Donors should come up with a plan to provide international assistance, on which Afghanistan’s education system is utterly dependent. They should pressure the Taliban to allow all schools to operate, and to allow girls and women to attend at all levels, without intimidation or threats. Donors should also continue to assist nongovernmental groups that provide crucial supplemental support for education and run schools outside the government system.

Second, the international community should impose hard consequences for attacks on education. International accountability for crimes against children overall, and specifically attacks on education, is notoriously weak, especially in times of crisis when other crimes tend to take priority. But this is the time to take action.

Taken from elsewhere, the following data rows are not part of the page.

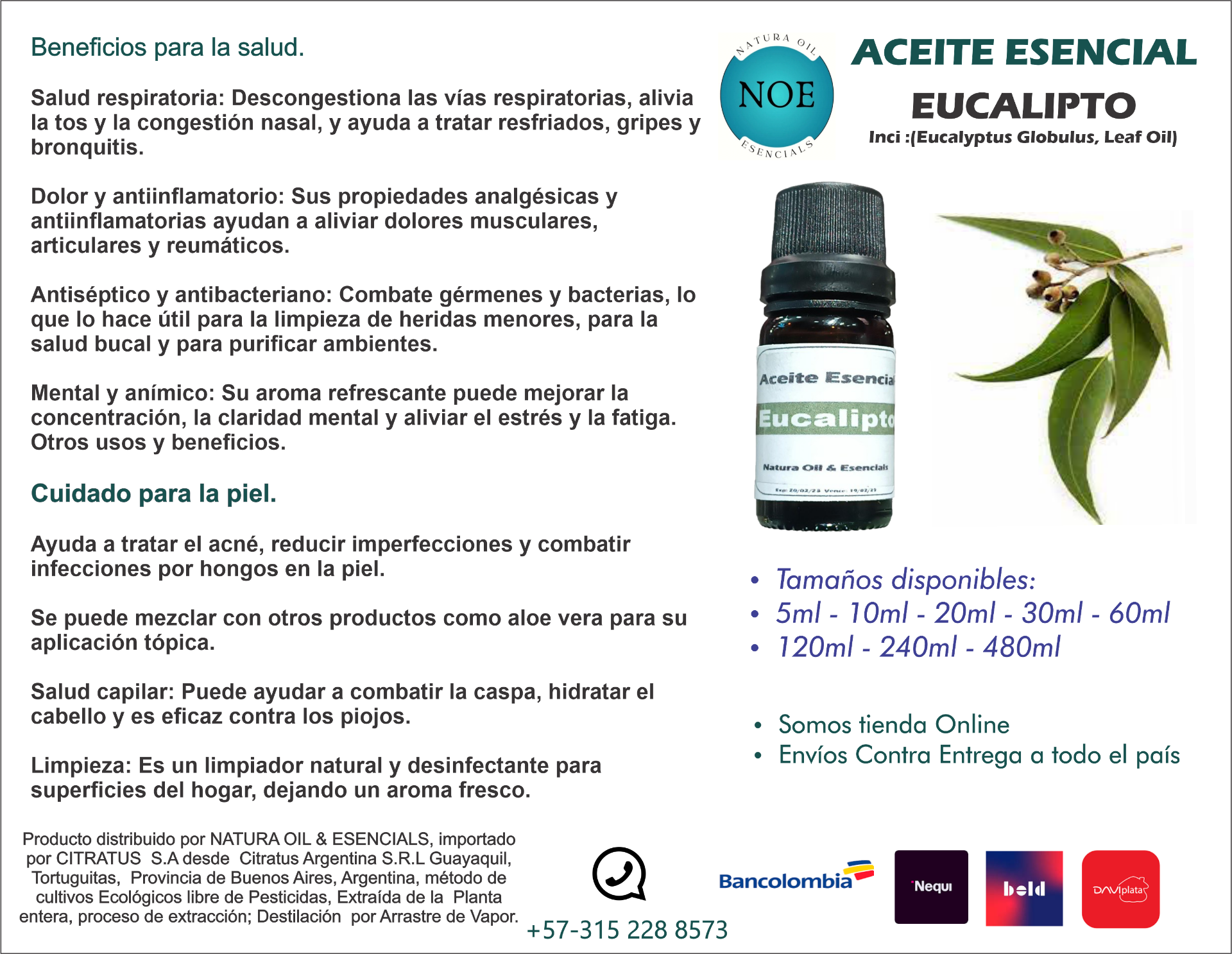 Salud respiratoria: Descongestiona las vías respiratorias, alivia la tos y la congestión nasal, y ayuda a tratar resfriados, gripes y bronquitis.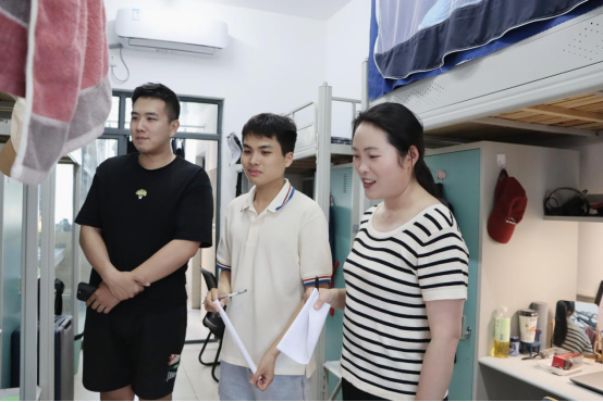 宿舍干净整洁,宽阔明亮,有的寝室打造了小型运动空间,摆放哑铃等健身器材;有的寝室设置了照片墙,记录寝室日常生活;有的寝室书香四溢,学习氛围浓厚;有的寝室简洁大方,天然去雕饰。大多数寝室都在明显位置张贴寝室管理规章制度,所有寝室都做到了规范用电用水,没有存在明显的安全隐患。崔老师在走访中和同学积极沟通,热切交流,夸赞不同寝室的风格,肯定员工热爱生活的态度。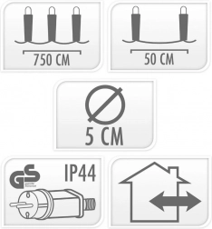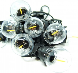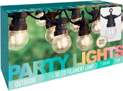 Stylowa świetlna girlanda o długości 7,5 m z 10 żarówkami LED o średnicy 5 cm tworzy ciepłe, nastrojowe oświetlenie na tarasie, balkonie i w ogrodzie. Oferuje uniwersalne zastosowanie w domu i na zewnątrz, łatwy montaż dzięki haczykom na każdej oprawce oraz oszczędną pracę. Zasilanie z sieci, IP44 do użytku zewnętrznego.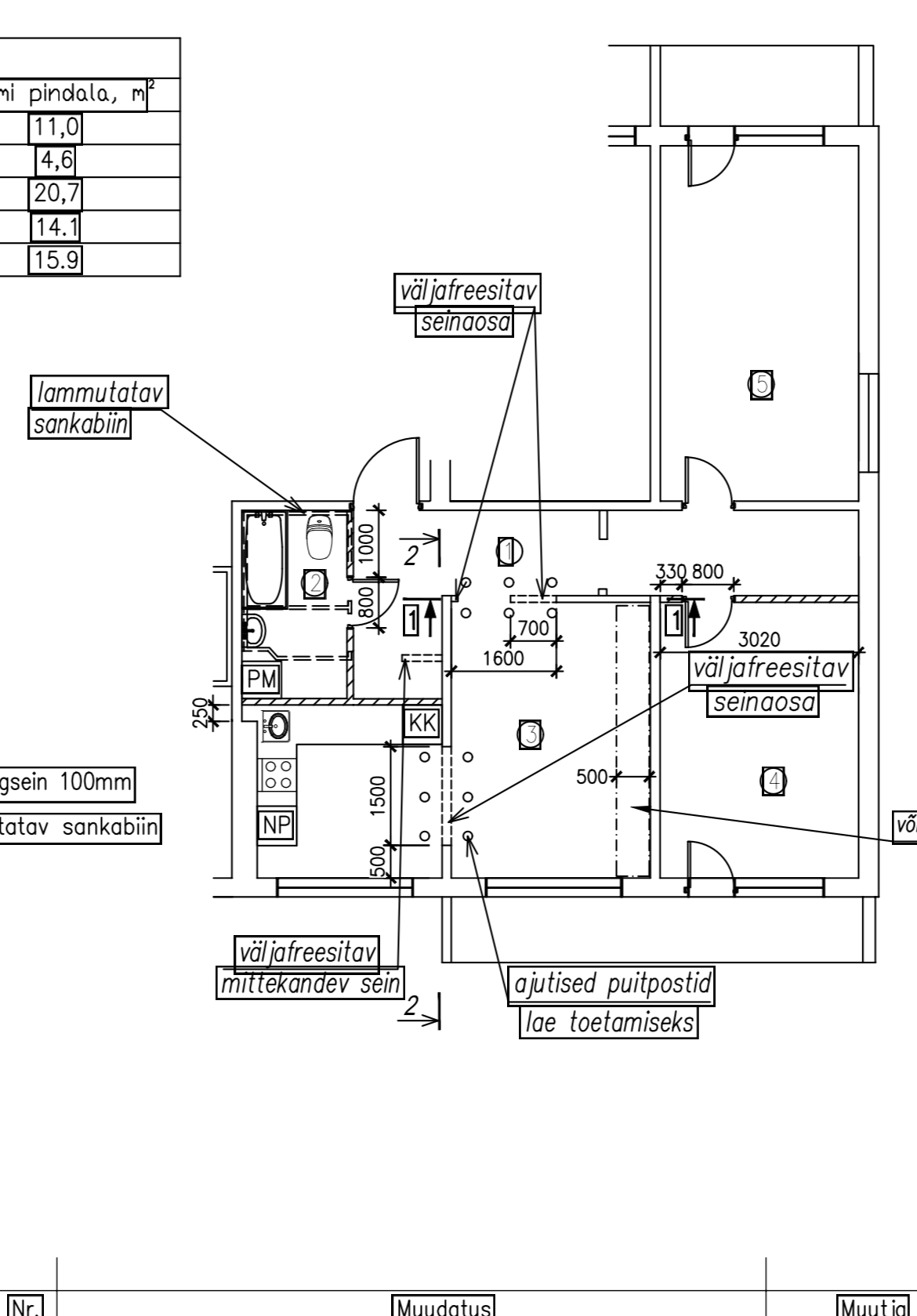 Lammutust vajavad seinad paneelmajas 3-toalises korteris, projekti alusel.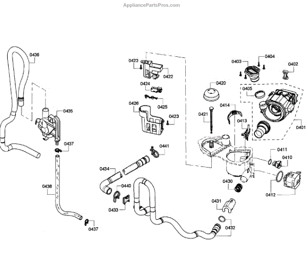 The Drain Hose is an OEM component for Bosch dishwashers. It is a flexible plastic tube responsible for removing used wash water from the dishwasher sump to household drain plumbing located outside the appliance. Causes of a bad drain hose include cracks developing along joints from constant bending during drainage or mineral buildup restricting water flow over time. Symptoms of a bad drain hose involve: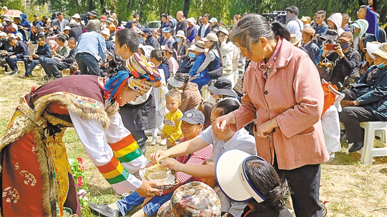 現場設置了工布藏族服飾比賽、傳統(tǒng)美食體驗及農特產品試吃、藏骰體驗等活動。一場別開生面的非遺與美食的碰撞,讓市民、游客盡享“文化大餐”。來自巴宜區(qū)四鎮(zhèn)三鄉(xiāng)的蕎麥餅、酸奶醬、藏香豬、藍莓、玫瑰茶等出現在傳統(tǒng)美食體驗及農特產品試吃活動中,吸引不少市民、游客駐足品嘗,近距離享受著非遺帶來的韻味與魅力。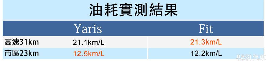 最後測試結果,高速都能突破21km/L,是相當不錯的,至於整體表現,兩車互有領先落後,但差距都頗小,因此可以說,兩車油耗實測結果為平手!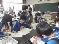 授業は、紫キャベツを煮だした液を入れて、いろいろな水溶液の色の変化を観察し、酸性、アルカリ性、中性を調べる内容でした。子どもたちは、とても興味深そうに実験に取り組んでいました。楽しい授業、先生の温かな声掛けに、中学校への期待がさらに高まったようです。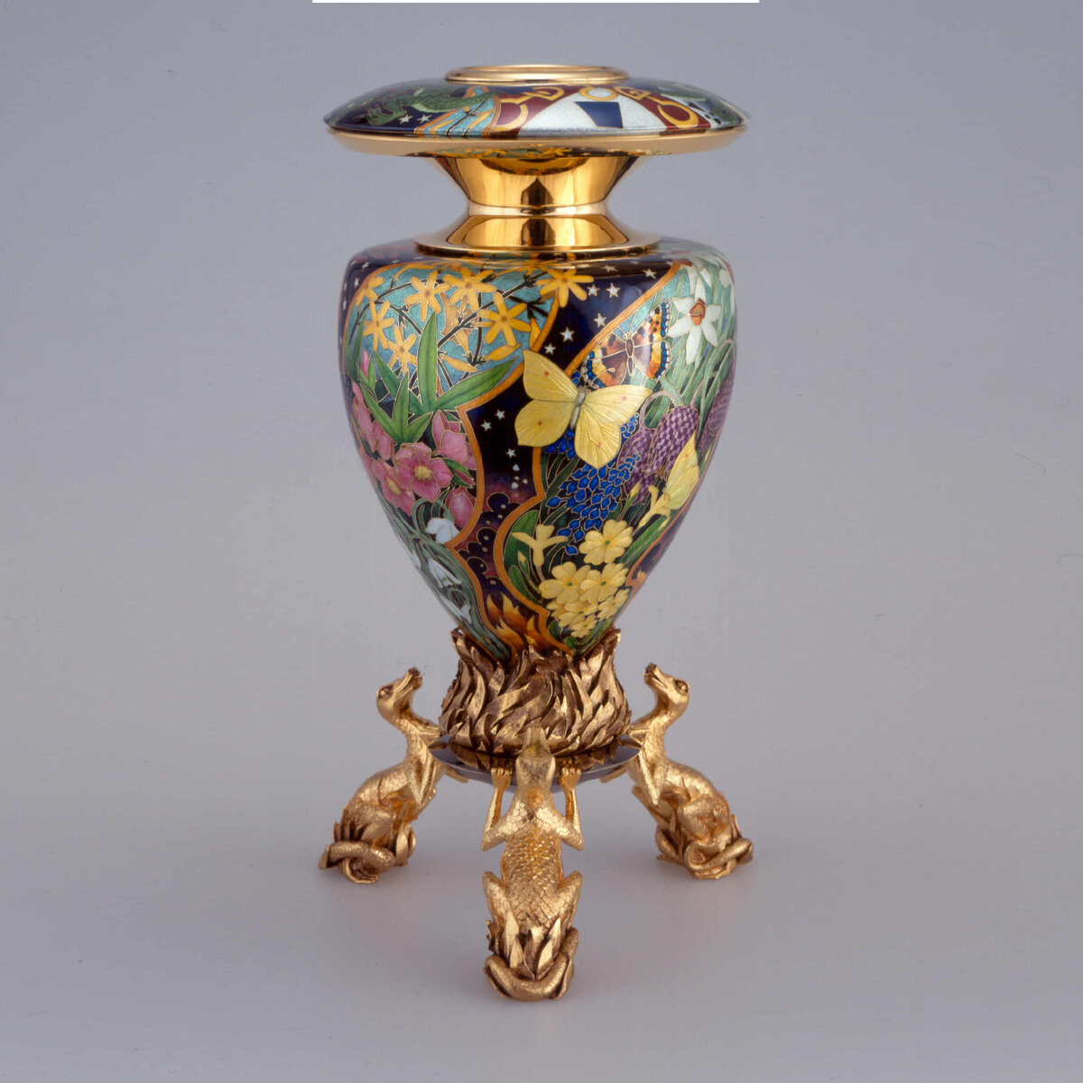 После того, как дизайн готов, на металле вручную вырезается рельеф. Использование рельефной резьбы придает эмали четкость и жизненность. Получающаяся в результате игра света и тени имеет огромное значение для живописного эффекта — прозрачность придает дыхание жизни всему произведению.

The UN Security Council actively monitors attacks on schools and teachers, and the use of schools for military purposes, including in Afghanistan. The Security Council has the authority to refer parties to conflict for sanctions and to the International Criminal Court. It should use that power.

The International Criminal Court’s Office of the Prosecutor has already signalled its intention to investigate attacks on education buildings by all parties in Afghanistan as a war crime and the Taliban’s denial of education to girls as a crime against humanity. These priorities should remain front and centre.

At its upcoming session, the UN Human Rights Council is rightly considering creating an international monitoring and accountability mechanism for Afghanistan. It should address violent attacks on education by any party, military use of education buildings, restrictions on school and university attendance, and the effect of any Taliban policies on education. The Syria Commission of Inquiry’s approach to its mandate offers a useful example: it has addressed these issues in virtually all of its reports.

Third, the international community should live up to its promises to educate Afghan refugees wherever they are. Shamefully, half of all refugee children around the world are out of school.

Sept. 9 is the International Day to Protect Education from Attack. As countries around the world begin their new school years, they should remember Afghanistan’s children. As a girls’ school principal told me in Kandahar: “Education is the backbone of the country. If the backbone is broken, what will be the country’s future?”